Gene targeting is one of the most important approaches for comprehensive understanding of gene function. Using this strategy, target gene can be displaced with its deletion cassette, and a preexisting genomic mutation can also be corrected to wild-type with its endogenous allele. Unfortunately, the high frequency of illegitimate integration of transforming DNA has hampered gene targeting approaches in most filamentous fungi. In eukaryotes, the repair of DNA double-strand breaks (DSB) works through two main recombination pathways. One is the homologous recombination (HR) pathway, which involves interactions between homologous DNA sequences. Another is the nonhomologous end-joining (NHEJ) pathway, which involves direct ligation of DNA ends independent of sequence homology. The NHEJ pathway has been described as consisting of several components, including Ku heterodimer (Ku70/Ku80), DNA-dependent protein kinase catalytic subunit (DNA-PKcs) and Xrcc4-DNA ligase IV complex. The model organism Saccharomyces cerevisiae preferentially utilizes the HR pathway in DSB repair although having NHEJ pathway. In contrast to S. cerevisiae, filamentous fungi mainly utilize the NHEJ pathway of DSB repair and exogenous DNA can be integrated anywhere in the genome. Inhibition of the NHEJ pathway in these fungi is hypothesized to force the transforming DNA to integrate into the genome via HR. Therefore, disruption of Ku70 homologue in P. decumbens is postulated to enhance the gene targeting efficiency and facilitate functional genomic studies.

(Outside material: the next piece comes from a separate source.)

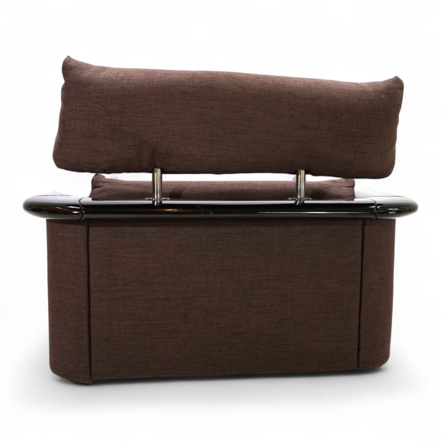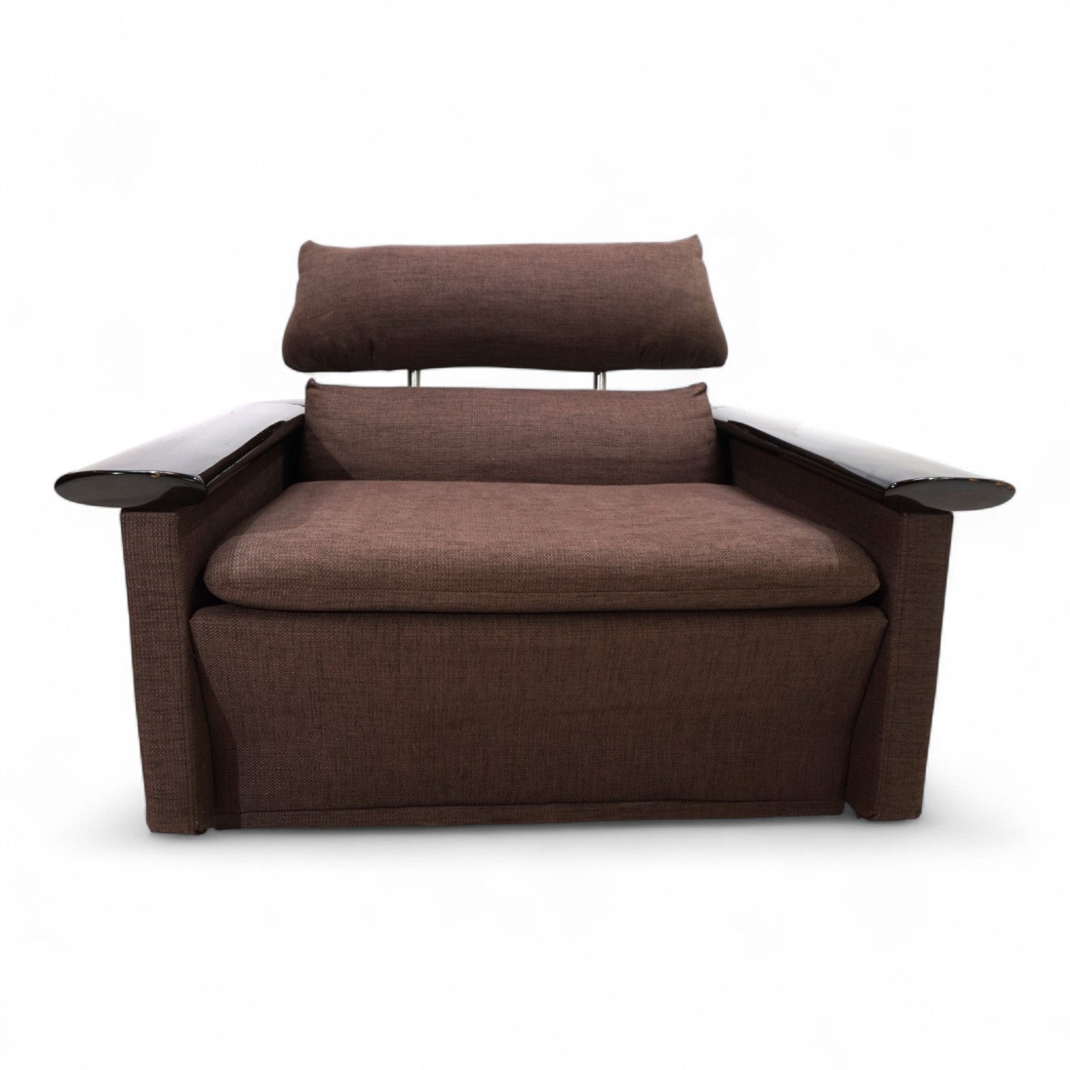 Absolut außergewöhnlicher Loungesessel der italienischen Manufaktur Tecno, welcher für die Präsidentensuite eines exklusiven Hotels hergestellt wurde. Der Sessel kommt in einem festeren braunen Stoffbezug, welcher für die Kissen und die Wände des Sessels Verwendung findet. Der Stoff weist minimale Gebrauchsspuren auf. Die Armlehnen sind in einer breiten Holzumrandung des Sessels eingebettet, welche mit schwarzem Klavierlack beschichtet sind. Der Lack zeigt Gebrauchsspuren wie Kratzer und kleine Dellen. Die Kopfstütze des Sessels mit massiven Edelstahlstäben ist höhenverstellbar. Der Sessel ist auf innenliegenden Rollen gelagert und kann trotz seines Gewichts leicht bewegt werden.

The transcriptional repressor CreA is the main regulatory element that has been proposed to participate in cellulase and xylanase gene expression. CreA is a negatively acting protein that mediates carbon catabolite repression in Aspergilli and Trichoderma. Despite the fact that there is a similar repression mechanism in the Aspergilli and Trichoderma, some distinct modes of CreA regulation exit in cellulose and xylan degradation.
In this study, the pku70 gene homologous to A. nidulans ku70 was cloned and identified. The pku70 targeting cassette was obtained by PCR-based fusion technique, and the ability to undergo HR was assessed in pku70-defective strain compared to the wild-type parental strain at two independent loci. Subsequently, Functional analysis of CreA in wild-type strain 114-2 and derepression phenotype in mutant A10 were performed in P. decumbens.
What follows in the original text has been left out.